Et quand il eut serré la main que le digne prêtre lui tendait en un geste plein de cordialité, il le présenta à M. Dubreuil.

— Vous serez certainement charmé, lui dit-il, de faire la connaissance de M. l’abbé Fleury, dont vous êtes le paroissien en ce moment.

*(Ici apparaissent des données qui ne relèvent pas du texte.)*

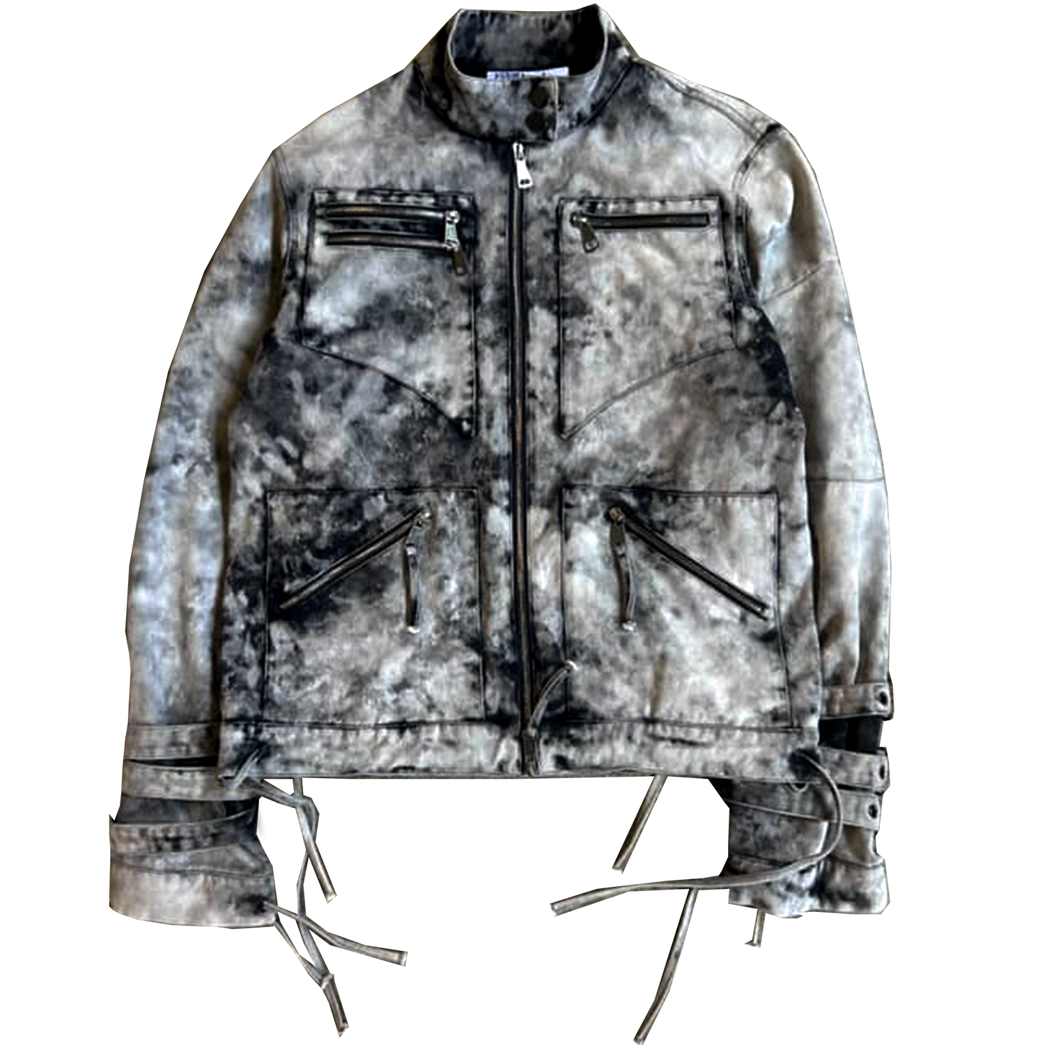 FaceWired FW25 Moto JKT — Cut from 8.26oz cotton twill, enzyme-washed and finished with a hand-applied black acrylic overdye. Each piece is unique — no two are exactly alike.

Car c’est votre paroissien, Monsieur le curé, et l’un des plus anciens déjà parmi les étrangers venus aux bains cette année.

— Et l’un des meilleurs, interrompit le prêtre : M. Dubreuil, n’est-il pas vrai ? député au Parlement français et le père de deux charmantes jeunes filles que je suis accoutumé de voir chaque matin assister à la messe. Suis-je bien informé ?…

— De tout point, monsieur l’abbé, dit à son tour M. Dubreuil : je ne croyais cependant pas avoir l’avantage d’être aussi bien connu de vous. Vous m’en voyez enchanté, d’ailleurs…

M. Fleury raconta alors que ces renseignements lui venaient de Marcelle, qu’il avait, quelques jours plus tôt, arrêtée pour lui donner une belle image, selon la gracieuse coutume du pays, et à qui il avait demandé son nom en la félicitant de sa bonne conduite et de sa piété. Depuis lors, l’espiègle fillette était devenue sa meilleure camarade, et presque chaque jour il la rencontrait le saluant d’un joyeux bonjour et d’un serrement de main.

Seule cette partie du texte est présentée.